With all of the events that are currently taking place around the world I thought that it would be timely to study some very basic death statistics for England and Wales. From my own observations, I feel that most people do not have a rough idea of how many people die each year in England and Wales normally, or what the average age of someone who dies is. I believe that this is a problem because I believe that people are not able to comprehend increases in deaths if they do not already know how many deaths occur normally.

This blog post has been a long time coming, the following articles are interesting food for thought from across the political spectrum:

The statistics that I am using in the following discussion have all come from the Office for National Statistics (ONS). The two specific data sources (fetched at approximately 10AM on 8th May 2020) that I have used are:

A word of caution: just because I can find an historical event that aligns with a peak or a trough on a curve does not necessarily mean that the historical event caused the peak or trough. Correlation ≠ Causation; see Spurious Correlations for some hilarious examples that underscore this statement. The rest of this blog post is arranged like:

  1. Total Deaths
    1. Total Deaths By Age
  2. Death Rates
    1. Death Rates By Age
    2. Life Expectancy
  3. Total Deaths By Week
  4. Observations

§1 Total Deaths

In the UK, when someone dies a Death Certificate is created. This usually contains some basic information about the person who has died, such as name, date of birth, where and when they died, etc... For more information see the ONS’ Guide To Death Certificates. The consequence of this is that it is trivial for the UK government to collate information on things like how many people die in the UK and when people die in the UK. The ONS provides the Deaths registered in England and Wales dataset, which contains lots of information on deaths in England and Wales (unfortunately, due to devolution, these are only deaths in England and Wales - deaths in Scotland and Northern Ireland are published separately).

The following plot uses data from “Table 1” within “referencetablesfinalv22.xlsx” (source: Office for National Statistics licensed under the Open Government Licence).

Download:
  1. 512x281 (57.7 KiB)
  2. 1,024x562 (142.2 KiB)
  3. 2,048x1,125 (358.9 KiB)
  4. 3,119x1,713 (299.6 KiB)

I think that the most basic thing to observe here first of all is that in 2018 in England and Wales 541,589 people died - which is 1,484 people per day, which is just a tiny little bit more than 1 death every minute.

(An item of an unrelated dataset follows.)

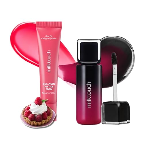 MILKTOUCH [Summer-proof Lip Combo] Black Peel Off Lip Tattoo #01 Black Cherry + Collagen Lip Balm #Berry Tart

In the above plot I have taken the liberty of annotating some historic events. Please use caution here though and heed the warning that I included in the top of this blog post: correlation ≠ causation.

Finally, I will point out that these are simply “total deaths” and that the numbers may simply be changing because the population of England and Wales went up and down too. Later on I will show some “total death rate” statistics which normalise out the fluctuating population.

§1.1 Total Deaths By Age

Enough people die in England and Wales each year that it is possible to get a statistically significant distribution of the age that people were when they died. This is not the same thing as life expectancy. Life expectancy is how long a person is expected to live; the distribution of peoples’ ages at death is only equal to life expectancy if life expectancy never changes due to societal changes and if at the start of the year there were the same number of people of all ages in your population (i.e., even if life expectancy is 80 years then most people who die in a year might be 20 years old if most of the people in your population at the beginning of the year were 20 years old).

The following plot uses data from “Table 4” and “Table 5” within “referencetablesfinalv22.xlsx” (source: Office for National Statistics licensed under the Open Government Licence).

Download:
  1. 512x286 (43.6 KiB)
  2. 1,024x572 (114.0 KiB)
  3. 2,048x1,143 (295.3 KiB)
  4. 3,068x1,713 (239.3 KiB)

The “modal male age at death” is 86 years old and the “modal female age at death” is 88 years old. This tells you in simple terms that the most common age for a person to die (averaged over 2016, 2017 and 2018) was 86 years old for a man and 88 years old for a woman.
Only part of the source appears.